The expression of α7^GFP reappears as the molar tooth enters the late bell stage (approximately E17.5 to E18.5; Fig. 1E). From this time forward molar ameloblasts express α7^GFP (Figs. 1F,G) until the enamel is deposited and the ameloblasts undergo degeneration (e.g., P12 in Fig. 1H) near the time of first mandibular molar eruption (∼P14; [21]).

The incisor teeth exhibit a similar pattern of α7^GFP expression. As shown in Figure 1I, α7^GFP expression is initiated by pre-ameloblasts of the maxillary incisors starting at E16.5. This begins in the medial aspect relative to the central axis and the expression expands rapidly to include all ameloblasts by E17.5 (not shown). Ameloblasts of the incisors express α7^GFP thereafter (as shown for P1 (Fig. 1J) and P12 when the enamel layer is expanded (Fig. 1K). Closer inspection of the P12 incisor ameloblast (Fig. 1L) reveals cytoplasmic GFP staining in the cytoplasm and the expected exclusion of tauGFP from the nucleus. This pattern of expression and the absence of α7^GFP in odontoblasts is seen when sections are co-stained for the nuclear maturation marker, Cux1 (Fig. 1L).

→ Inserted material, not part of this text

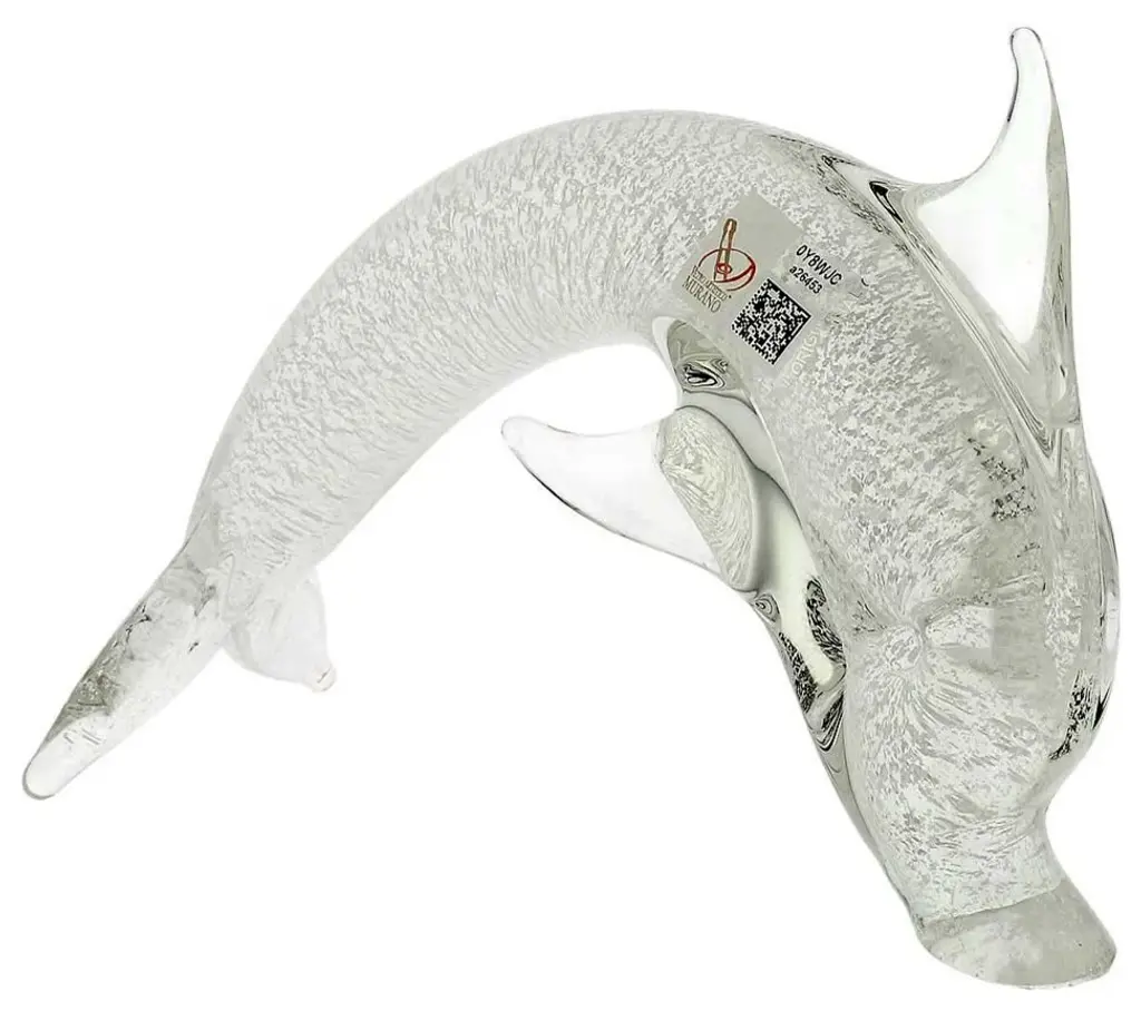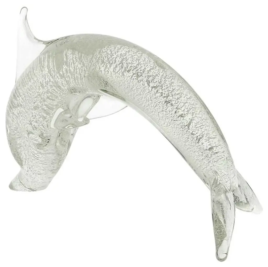 This playful Murano Glass Dolphin was created in a traditional workshop on Murano island using the sought-after silver leaf technique where .925 Sterling Silver foil is infused into cristallo glass under high temperatures in special glass-making furnaces. This results in beautiful sparkling appearance of silver dust captured inside translucent glass body of the dolphin. This elegant dolphin sculpture will make a rich artistic accent in your home or office and will instantly carry you away into the beauty and magic Venice, itself exquisite and elegant creature of the sea.Measurements: The dolphin sculpture is about 8 inches long, 6 inches high and 3 inches deep. It is very well packaged to avoid damage in transit. Authenticity: This Murano Glass dolphin is 100% authentic, crafted by hand in a traditional workshop on Murano island in Venice. It is signed by the artist and features the original sticker of the official Murano glass-makers'' consortium, it is also accompanied by the certificate of authenticity.As this Murano Dolphin is a unique artistic sculpture made by hand, some variations of colors and patterns are possible. These do not constitute a defect but rather are the very features by which experts recognize authentic Murano Glass.
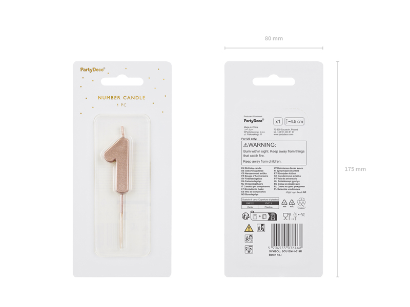 Świeczka urodzinowa Cyferka 1 różowe złoto 4.5 cm

α7^GFP Expression Distinguishes Tooth Innervation During Development

The expression and function of α7 is commonly studied in terms of the nervous system or in peripheral systems where it also contributes to modulating the pro-inflammatory response [1]. While examining the tooth organ development, we also detected α7^GFP in nearby nerve fibers in patterns that closely coincide with previous studies of this process [22]–[24]. The detection of α7^GFP is seen first at E14.5 in the pioneering processes of the molar nerve (Fig. 2A) although occasional fibers at E13.5 are inconsistently detected (not shown). These processes originate as branches from their respective superior or inferior divisions of the trigeminal alveolar nerves (Fig. 2A) and they co-label with nerve growth factor p75 (not shown). Initially the molar nerves extend to the buccal side of the dental mesenchyme (Fig. 2A) but by E15.5 the first bifurcations to the lingual aspect are seen (not shown; [25]). At E16.5 when α7^GFP is essentially absent from the tooth organ (Fig. 1D), the prominent nerve net that surrounds developing molars is detected by α7^GFP immunostaining (Fig. 2B; [26]). The nerve plexus surrounding the tooth diminishes dramatically by birth, but α7^GFP prominently labels the pioneering fibers of the molar nerve that at P4 are seen to enter the tooth at the base of the molar dental papilla (Fig. 2C,D). These single nerve projections penetrate at sites coincident with the location of blood vessels (Fig. 2D; [12], [27], [28]). Thereafter, α7^GFP expression in molar nerves reveals a more extensive pattern as these processes are elaborated and become more widely distributed within the tooth pulp (e.g., P6; Fig. 2E). This extensive elaboration is particularly apparent in the P11–P12 molars (Fig. 2F,G) where an extensive array of molar nerve fibers is identified by α7^GFP that begin as aggregated tracts at the base of the dental papilla and then branch to form an extensive and dense fiber complex in the vicinity of the odontoblasts (Fig. 2F). Some of these fibers enter the odontoblast layer, although they do so sparingly (Fig. 2G; see [29]). The identity of α7^GFP-labeled fibers and greater detail regarding their origin in the trigeminal ganglia is the topic of a future study. What is evident is that expression of α7^GFP by neurons that innervate the tooth is an excellent marker of this aspect of developmental patterning.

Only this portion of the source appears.